Try it: In the material below, find the line containing "Photograph of a" and the line containing "卡其皮标棒球帽男女同款中性风", then reproduce exactly both of them and every line between, and nothing else.

Extracted entries:
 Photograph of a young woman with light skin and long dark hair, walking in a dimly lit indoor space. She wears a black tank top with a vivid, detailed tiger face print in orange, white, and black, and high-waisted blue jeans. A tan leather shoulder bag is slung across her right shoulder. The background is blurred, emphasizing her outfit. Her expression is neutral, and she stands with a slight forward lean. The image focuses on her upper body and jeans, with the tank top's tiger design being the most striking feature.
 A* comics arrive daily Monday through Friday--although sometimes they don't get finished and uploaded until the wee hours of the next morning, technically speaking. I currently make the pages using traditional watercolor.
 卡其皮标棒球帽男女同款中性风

--

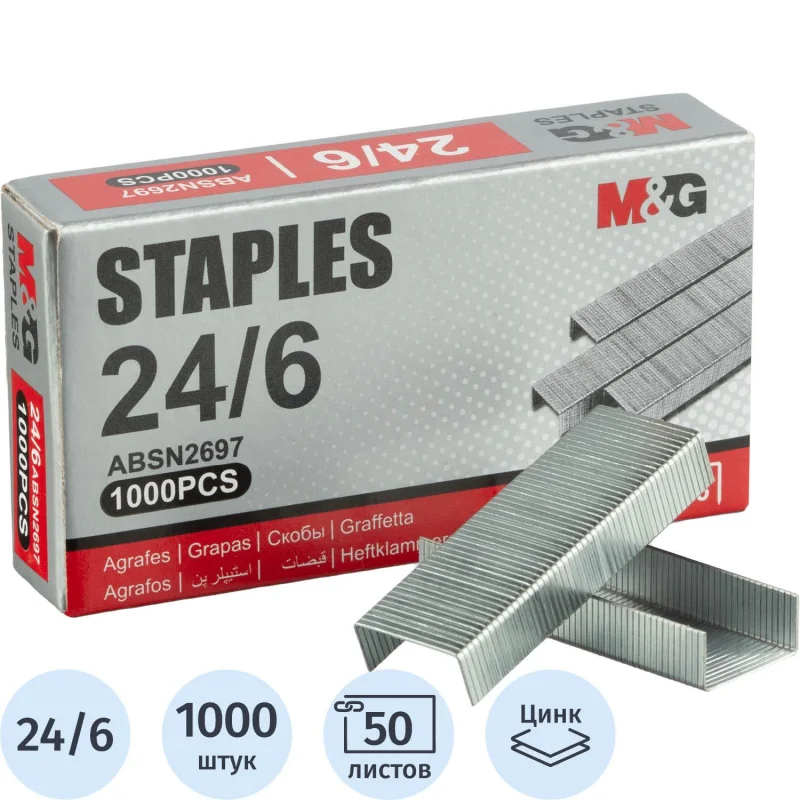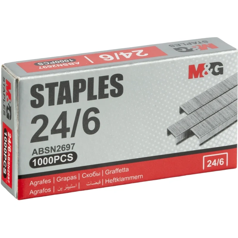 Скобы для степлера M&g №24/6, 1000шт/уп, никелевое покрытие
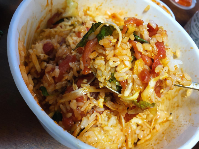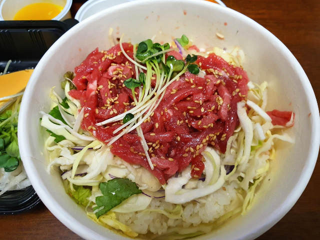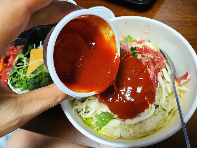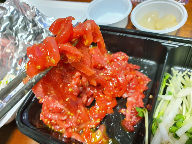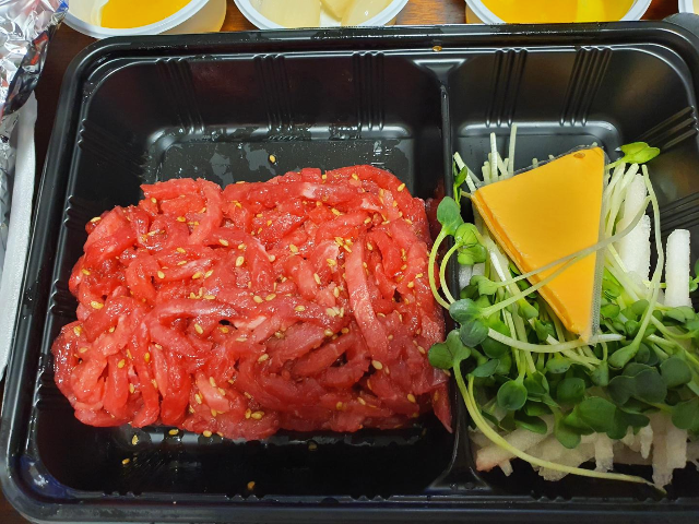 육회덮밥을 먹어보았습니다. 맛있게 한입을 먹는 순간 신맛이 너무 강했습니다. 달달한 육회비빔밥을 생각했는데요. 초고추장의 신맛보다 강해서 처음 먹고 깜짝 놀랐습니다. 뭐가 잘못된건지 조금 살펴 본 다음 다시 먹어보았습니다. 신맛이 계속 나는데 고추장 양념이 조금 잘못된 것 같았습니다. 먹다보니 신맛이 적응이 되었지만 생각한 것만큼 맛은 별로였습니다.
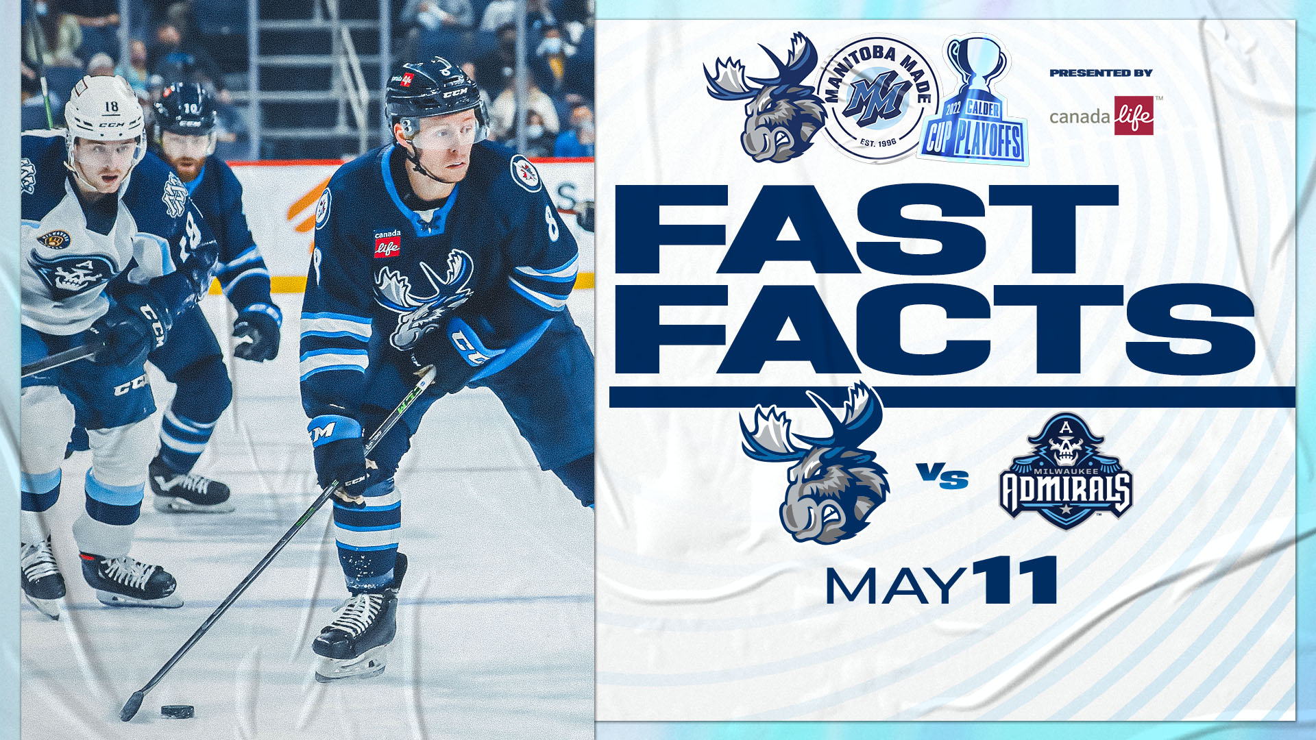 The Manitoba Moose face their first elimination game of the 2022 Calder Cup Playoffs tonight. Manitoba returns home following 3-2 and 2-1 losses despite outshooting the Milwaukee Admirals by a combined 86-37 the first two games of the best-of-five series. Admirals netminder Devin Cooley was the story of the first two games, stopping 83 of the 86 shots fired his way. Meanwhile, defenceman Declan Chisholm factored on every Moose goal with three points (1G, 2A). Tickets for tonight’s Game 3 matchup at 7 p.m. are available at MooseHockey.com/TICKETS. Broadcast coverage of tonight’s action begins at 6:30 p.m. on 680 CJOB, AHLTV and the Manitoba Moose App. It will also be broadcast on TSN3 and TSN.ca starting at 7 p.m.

* * *

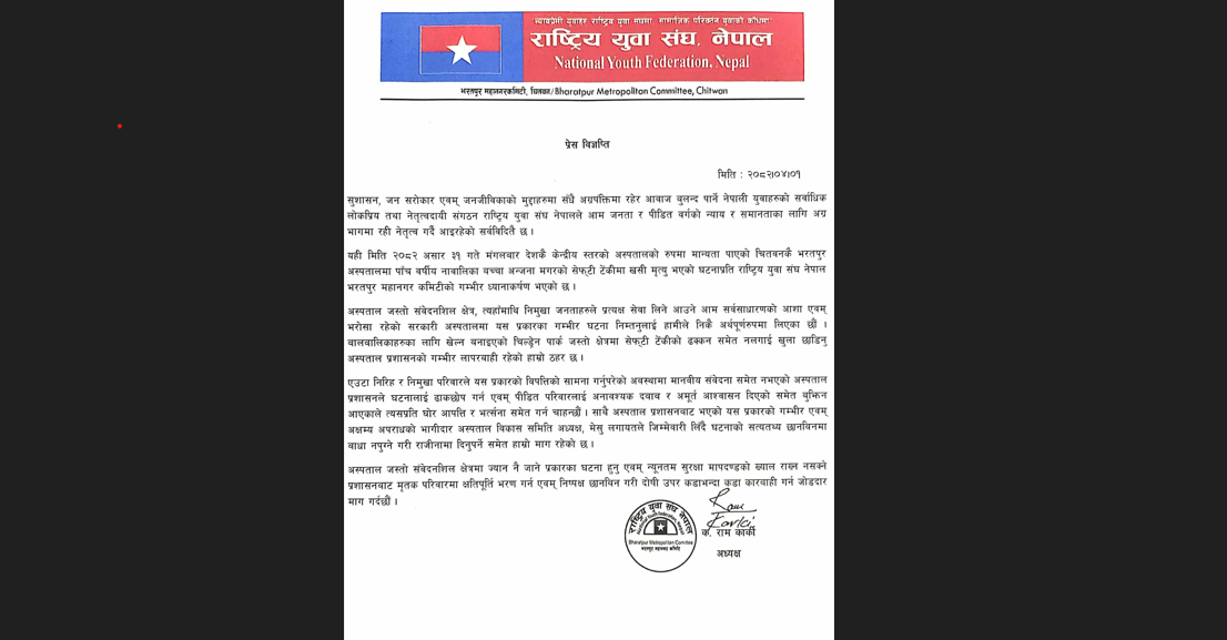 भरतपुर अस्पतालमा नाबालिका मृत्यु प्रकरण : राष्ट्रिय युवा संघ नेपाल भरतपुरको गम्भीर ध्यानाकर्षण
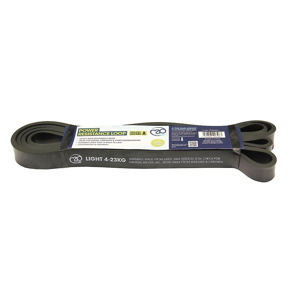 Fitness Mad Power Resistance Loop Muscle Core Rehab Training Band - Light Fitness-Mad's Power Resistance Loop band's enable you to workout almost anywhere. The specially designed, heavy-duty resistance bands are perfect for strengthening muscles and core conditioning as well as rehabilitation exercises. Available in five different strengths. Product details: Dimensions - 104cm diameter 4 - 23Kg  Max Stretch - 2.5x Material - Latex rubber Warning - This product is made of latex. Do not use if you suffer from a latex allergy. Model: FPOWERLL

Response box:
 Photograph of a young woman with light skin and long dark hair, walking in a dimly lit indoor space. She wears a black tank top with a vivid, detailed tiger face print in orange, white, and black, and high-waisted blue jeans. A tan leather shoulder bag is slung across her right shoulder. The background is blurred, emphasizing her outfit. Her expression is neutral, and she stands with a slight forward lean. The image focuses on her upper body and jeans, with the tank top's tiger design being the most striking feature.
 A* comics arrive daily Monday through Friday--although sometimes they don't get finished and uploaded until the wee hours of the next morning, technically speaking. I currently make the pages using traditional watercolor.
 卡其皮标棒球帽男女同款中性风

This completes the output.